On savait que la ligne d’attaque formée de Meghan Agosta, Marie-Philip Poulin et Mélodie Daoust pouvait être dévastatrice. Et elle l’a été depuis le début du tournoi.

Les trois consœurs ont été de véritables bougies d’allumage jusqu’à maintenant en inscrivant 6 des 11 buts de l’équipe.

En fait, leur trio s’est démarqué à chacun des matchs jusqu’ici.

Avec deux buts en lever de rideau, Daoust a été la grande vedette offensive de l’équipe contre les athlètes olympiques de Russie.

Les trois joueuses ont inscrit chacune un filet dans la victoire de 4 à 1 sur la Finlande. Puis Agosta en a ajouté un autre dans la victoire de 2 à 1 aux dépens des Américaines.

Au total, les trois joueuses ont amassé 11 points jusqu’à maintenant.

Laura Schuler racontait avant le tournoi qu’elle s’attendait à ce que ses quatre trios apportent leur contribution offensive, celui de Poulin a compris le message.

Bonne entente

Poulin n’a pas caché qu’elle aime bien la contribution apportée par son trio.

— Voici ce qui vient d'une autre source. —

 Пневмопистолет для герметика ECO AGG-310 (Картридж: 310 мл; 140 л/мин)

« Nous avons toutes les trois beaucoup de vitesse et on se retrouve très bien sur la patinoire, a-t-elle dit. Mélodie et Meghan sont deux filles qui anticipent bien le jeu, qui savent toujours où va se retrouver la rondelle. »

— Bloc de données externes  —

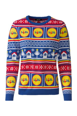 Pull de Noël bleu, rouge et jaune à logo de Lidl
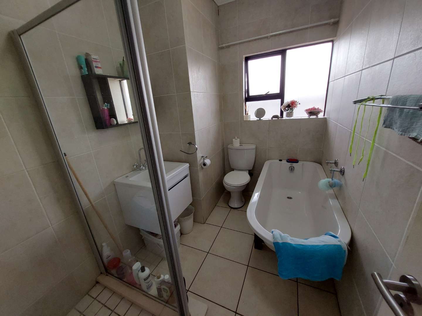 The unit boasts 1 full modern bathroom and 2 spacious bedrooms, each equipped with ample built-in cupboards to cater to all your storage needs. The entire unit is fully tiled, providing a sleek and contemporary finish throughout.
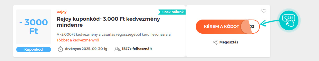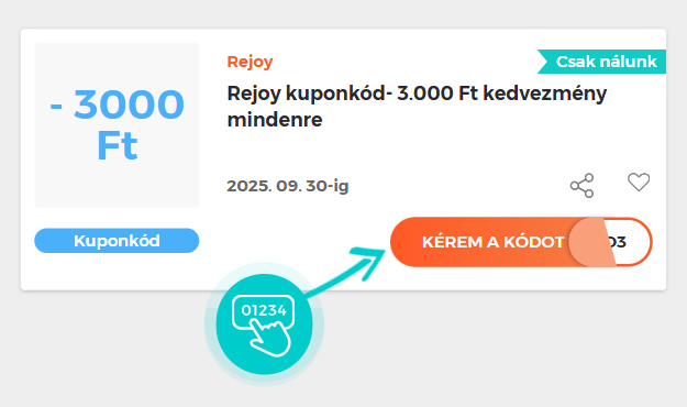 Válassz ki egy kedvezménykódot, amelyet szeretnél felhasználni a Rejoy.hu webáruházban. Kattints a narancssárga "Kérem a kódot" gombra!

Tout comme Schuler l’a fait, la capitaine de l’équipe canadienne a reconnu qu’il ne faut pas se laisser endormir par le résultat des trois matchs de la phase préliminaire. Qu’il y a encore du travail à faire, en quelque sorte.

« Nous avons profité des entraînements de la fin de semaine pour procéder à quelques petits ajustements », a raconté Poulin à ce sujet.

« Entre autres, il faudra qu’on se concentre contre les Russes à jouer les 60 minutes du match. À notre dernière sortie, nous n’avons pas mis assez de pression sur les porteurs du disque des Américaines et on s’est éloignées de notre plan de match, avec le résultat qu’on a eu de la difficulté à l’emporter. »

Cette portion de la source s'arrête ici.